In Congress, meanwhile, some Democratic lawmakers on Monday also rebuked Facebook CEO Mark Zuckerberg. In April, multiple committees on Capitol Hill had peppered him with questions about Facebook's dealings with Cambridge Analytica. They said the new reports only heightened the need for additional scrutiny - in Congress and at the FTC - focused on Facebook's business practices.
"Facebook and other data collectors, including these device manufacturers, should be prepared to come before Congress so that we can get a better grasp of the entire data collection ecosystem," New Jersey Rep. Frank Pallone, the top Democrat on the House Energy and Commerce Committee, said in a statement.
Minnesota Sen. Amy Klobuchar later stressed in a statement that the incident demonstrated the need to pass comprehensive online privacy reform legislation, which she offered earlier this year. "I'm extremely concerned that we are just now learning that even more personal user data was provided without consent," she said.
Legally, Facebook's fate may rest on a few key phrases.
Under the 2011 decree with the FTC, Facebook is required to obtain permission before sharing a user's private information with a third party in a way that exceeds that user's existing privacy settings. The agreement defines "third party" to include a whole host of other individual entities, potentially like advertisers or app-makers. But it exempts "service provider[s]" who help Facebook carry out basic functions of its site.
To that end, Facebook contends that companies like Samsung or BlackBerry in these cases are suppliers, not third parties.
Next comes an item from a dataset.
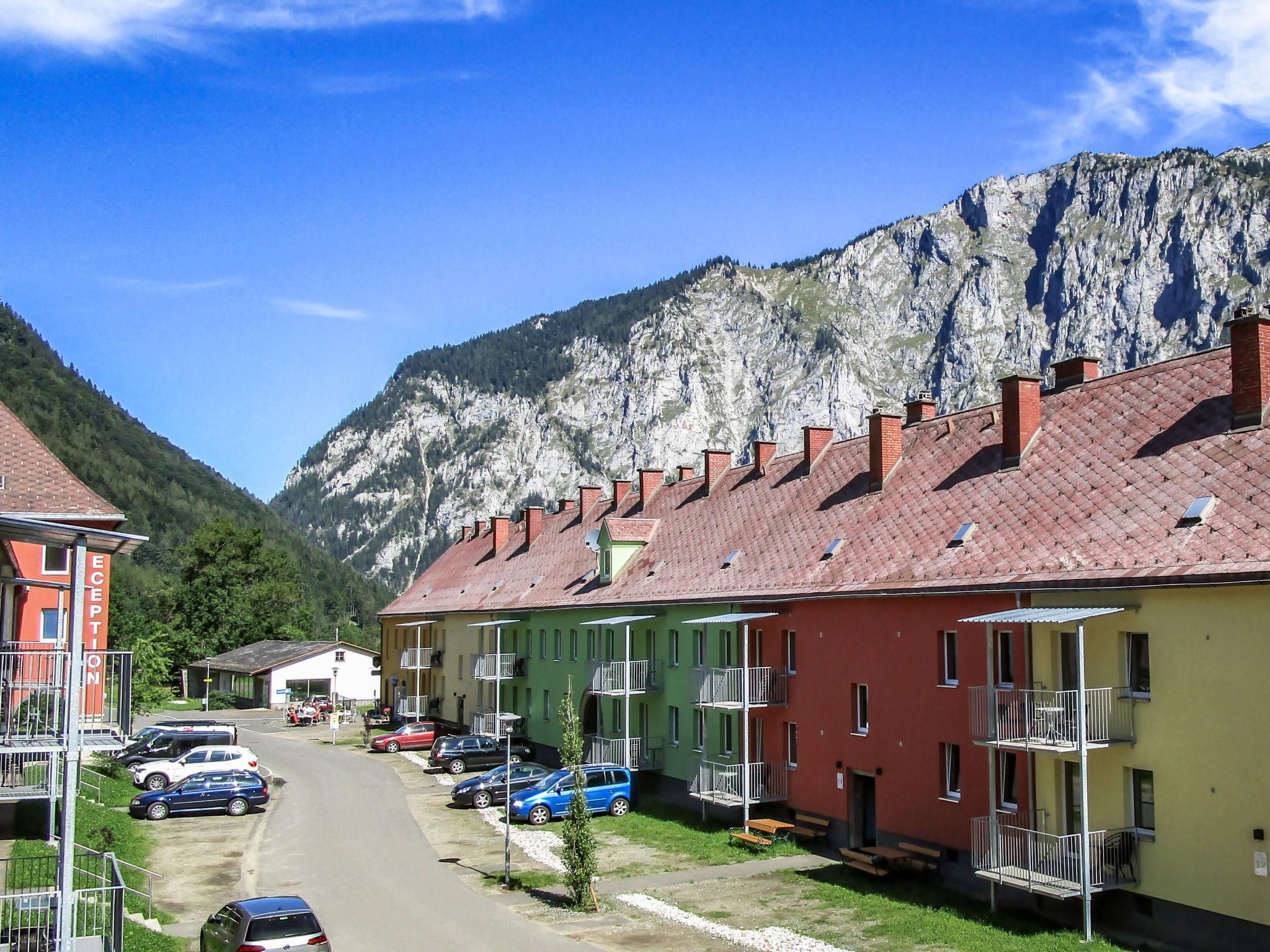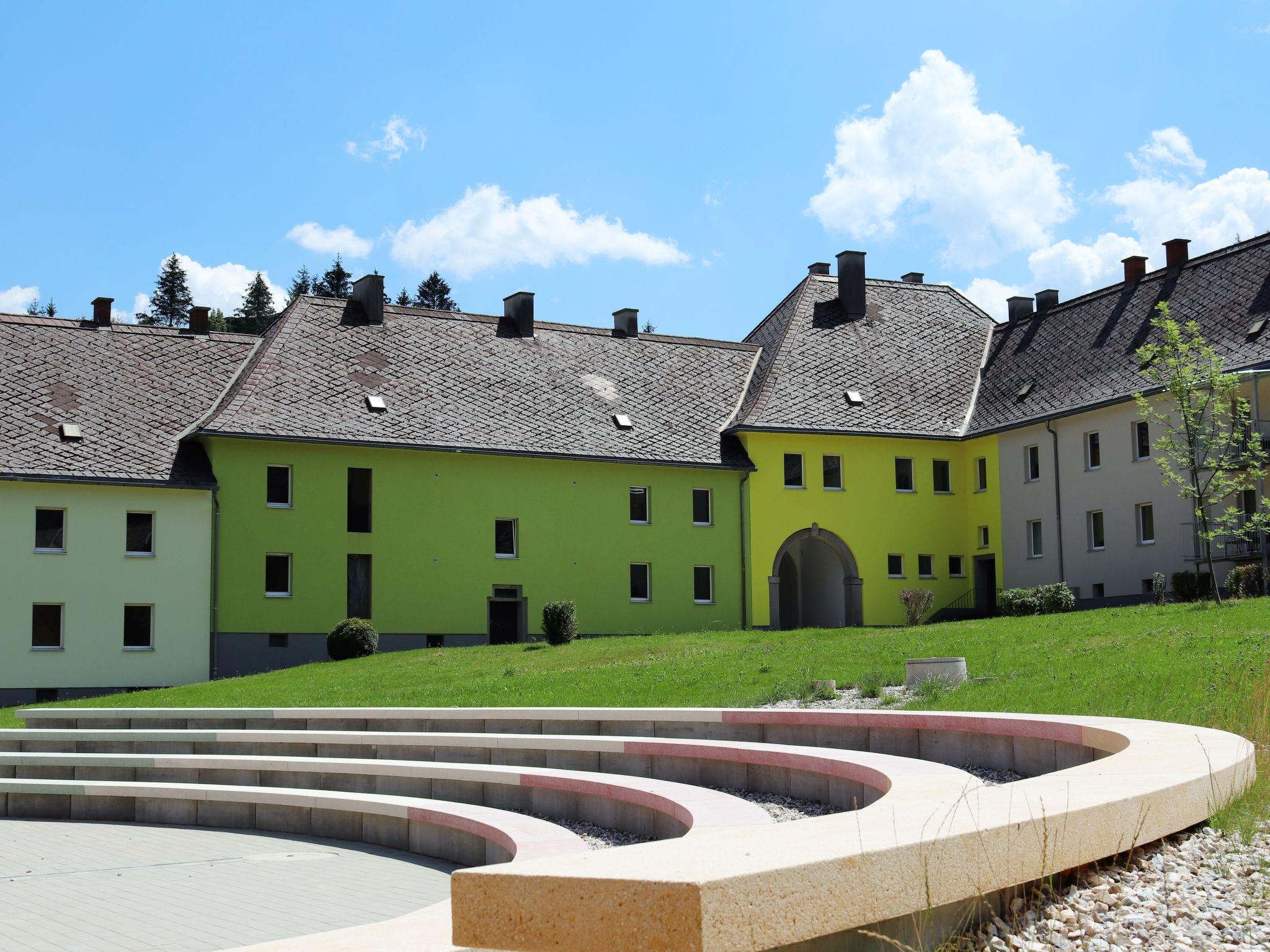 Here, a historic miners' settlement has been carefully adapted for tourism. Modern, comfortable resort "Erzberg Alpin by Alps Resorts". 3 km from the centre, in a sunny, elevated position, 1.5 km from the lake, 11 km from the skiing area. For shared use: large garden with plants and trees, lawn for sunbathing. Children's playground, planted inner courtyard. In the complex: reception, WiFi, central heating system, washing machine (for shared use, extra). Breakfast and half board (extra). Parking at the house. E-charging station. Supermarket 1.5 km, restaurant 200 m, diving center 6 km, indoor swimming pool 3 km, lake Leopoldsteiner See 1.5 km. Sports centre 100 m, skisport facilities 11 km, cross country ski track 6 km, ice rink 1.5 km. Nearby attractions: Abenteuer Erzberg 5 km, Naturpark Gesäuse 12 km, Schaubergwerk Radmer 17 km. Well-known ski regions can easily be reached: Skigebiet Präbichl 12 km. Hiking paths: Hochschwab. Please note: car recommended. The photo is just an example. Admission to the Vitalbad Eisenerz + 1 city tour per stay FREE for all guests! The Vitalbad closed in September for renovation. Erzberg Alpin guest card included.

In a blog post, a company executive also stressed Monday that "friends' information, like photos, was only accessible on devices when people made a decision to share their information with those friends."
"These contracts and partnerships are entirely consistent with Facebook's FTC consent decree," Ime Archibong, Facebook's vice president of Product Partnerships, in a statement.
Vladeck, the former FTC official, said regulators could see it differently. "Facebook has not really explained how it obtained consent for the sharing of this data," he said in an interview. "It may be they see [device makers] as first parties, but they're plainly not under the consent decree."
The FTC declined to comment. One of the commission's Democratic members, Commissioner Rohit Chopra, declined to discuss Facebook. But, he said more generally in a statement: "FTC orders are not suggestions. If a company violates them, there can and should be serious consequences."
In New York, meanwhile, state Attorney General Barbara Underwood also pledged to investigate the matter, adding on to its existing probe into Facebook's relationship with Cambridge Analytica. "Consumers have the right to know how their personal information is being used, and the companies we trust with our information have a critical responsibility to protect it," Underwood said in a statement.